El fuego significaba calor, y en aquellos momentos el calor era una urgente necesidad. Eis prendió fuego al montón de ramas secas; las llamas subieron rápidamente, chisporroteando, hacia la leña. Era Eis quien había preparado la hoguera aquella tarde de acuerdo con las más ortodoxas normas al respecto: primero ramas secas, después madera de pino, troncos de haya y, finalmente, ramas de encina. En teoría, pues, las llamas debían ahora subir y elevarse hasta el cielo.

Pero las llamas no subían. No hacían más que propagarse trabajosamente, desprendiendo además un humo espeso.

—¡Qué peste! —exclamó Konrad Klinger. Junto con Peter, se habían adelantado por entre la gente hasta el lugar donde estaba Materna. Les brillaban los ojos y mostraban una expresión triunfante.

—¿Cómo lo habéis hecho? —preguntó Materna.

—Metiendo trapos mojados y unos cubos de estiércol entre la leña. Sistema sencillo y eficaz.

Realmente, el sistema era eficaz. La brisa empujaba la densa humareda hacia los que rodeaban la hoguera, que comenzaron a apartarse tosiendo, escupiendo y ahogándose.

—¡Qué chapucería! —murmuró Eichler en tono acusador, mirando a Eis.

Éste se daba cuenta de que la fiesta nacional se había ido literalmente en humo. Todos tosían. Tuvieron que llevarse a una mujer que se hallaba próxima a la asfixia. Vetter se llevó a los niños.

—¡Qué peste! —volvió a exclamar Peter Bachus con mal disimulada alegría—. ¡Es inaguantable!

—¡No nos dejemos abrumar por esto, amigos! —gritó Eichler, haciendo un esfuerzo para salvar la situación—. ¡Vamos todos a la taberna! Nos irán bien unas cervezas. Yo pago una ronda.

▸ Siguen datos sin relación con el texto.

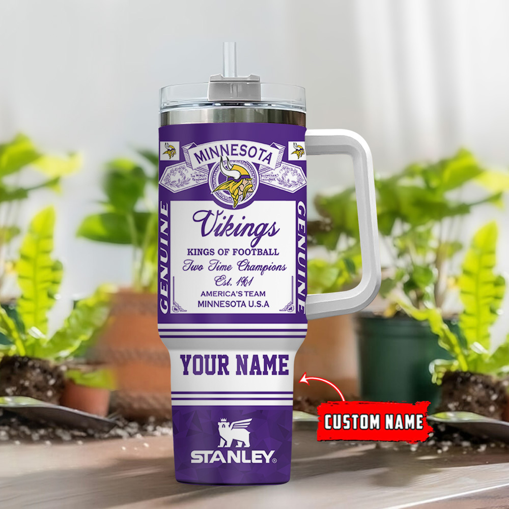 Minnesota Vikings Nfl Laser Engraved Effect Custom Stanley Quencher 40Oz Stainless Steel Tumbler With Handle

—Y yo también invito —dijo Materna con aplomo—. Tres blancos para cada buen alemán y uno dulce, como mínimo, para cada alemana. Y esto es sólo para empezar.

Aquella noche del 30 de enero de 1933 hizo Johannes Eichler una declaración que era quizá la más importante de su vida. Él, por lo menos, lo creía así. Una vez reunidos todos en la taberna, hizo que Eis pidiera silencio y se subió a una silla.

—En el día de hoy se ha decidido el destino de nuestra amada Alemania. Adolf Hitler, nuestro Caudillo, se ha hecho cargo del poder. Y el anciano y honorable feldmariscal y presidente del Reich le ha dado su beneplácito.

—¡Viva!

—A partir del día de hoy existe oficialmente en nuestro pueblo el grupo local del NSDAP, el Partido Obrero Nacionalsocialista Alemán, grupo del cual yo soy presidente.

—¡Hurra! —gritaron todos.

Y los grifos de cerveza comenzaron a funcionar ininterrumpidamente.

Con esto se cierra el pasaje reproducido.